Au-delà des cendres : la mobilisation solidaire autour du repas « Renaissance »
Dans ce paysage de ruine, l’élan solidaire est né parmi ceux qui voient dans le vin autant un art de vivre qu’un patrimoine humain. Le 25 novembre prochain, un repas “Renaissance” sera organisé en soutien aux vignerons sinistrés. C’est l’initiative de Gilles Goujon (MOF, triple étoilé dans les Corbières) et Franck Putelat ( installé à Carcassonne), rejoints par quatre autres grands chefs de l’Aude. Sur Instagram, on lit : « Après le drame, la Renaissance ! », un appel à la reconquête gustative et territoriale.
L’événement affiche déjà complet, signe d’un fort écho dans le monde gastronomique. Le concept est simple mais dense : autour d’un repas d’exception, les dons récoltés, les bénéfices et la visibilité serviront à soutenir les chantiers privés des domaines, la remise en état des ceps, l’achat d’équipements détruits, et la relance culturale.
Le chef Goujon en figure de proue
Gilles Goujon, au cœur des Corbières, sait ce que représente une vigne pour une vie.
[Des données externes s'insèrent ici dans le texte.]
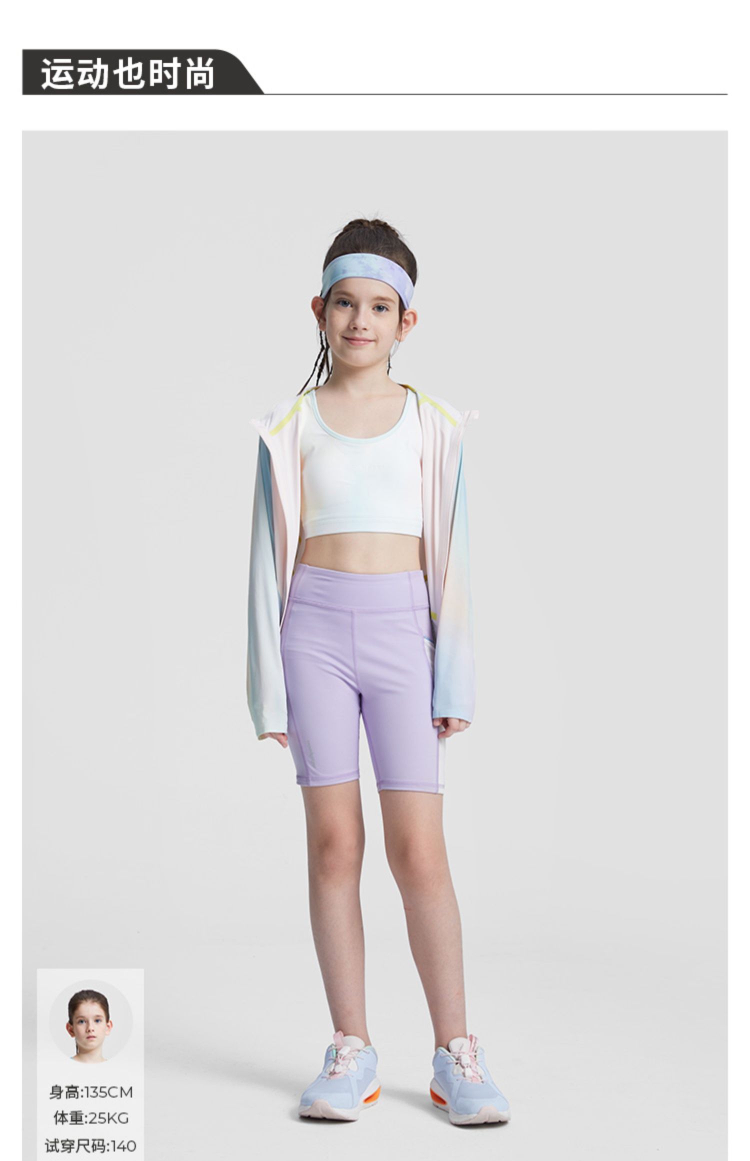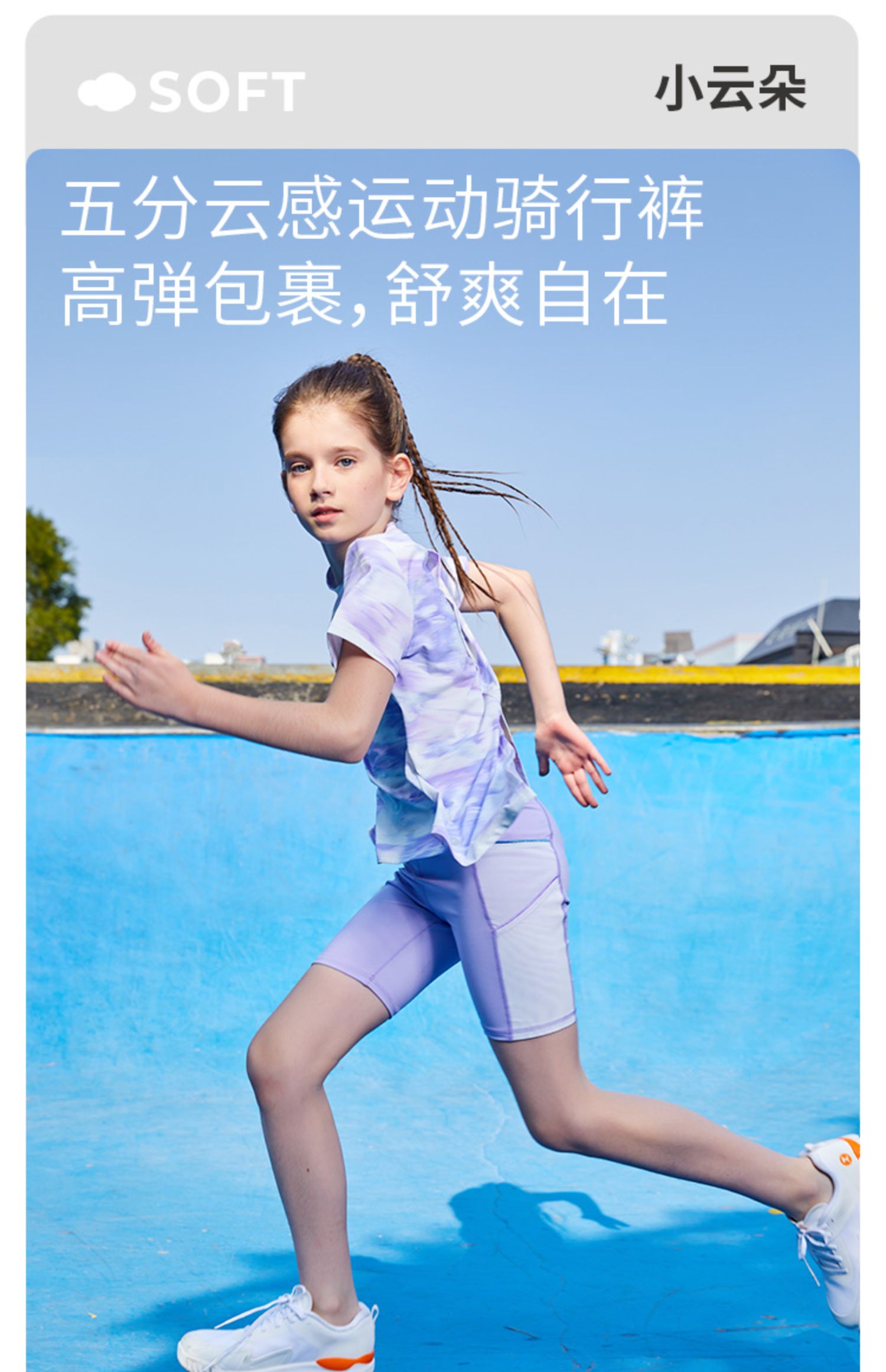 【专属】moodytiger女童裤子2023夏季新款拼接柔软防晒运动五分短裤骑行裤M32211408

Dans une publication, il remercie les participants : « Après le terrible incendie qui a meurtri les Corbières… merci à vous ». Pour les chefs, ce repas est à la fois acte de résistance et acte de solidarité, une manière de redonner du sens à la terre, à la vigne, à la communauté.
Plus qu’un dîner, c’est un rendez-vous d’espérance : il rappelle que même calciné, un terroir résonne encore dans chaque grappe, chaque casserole, chaque coupe.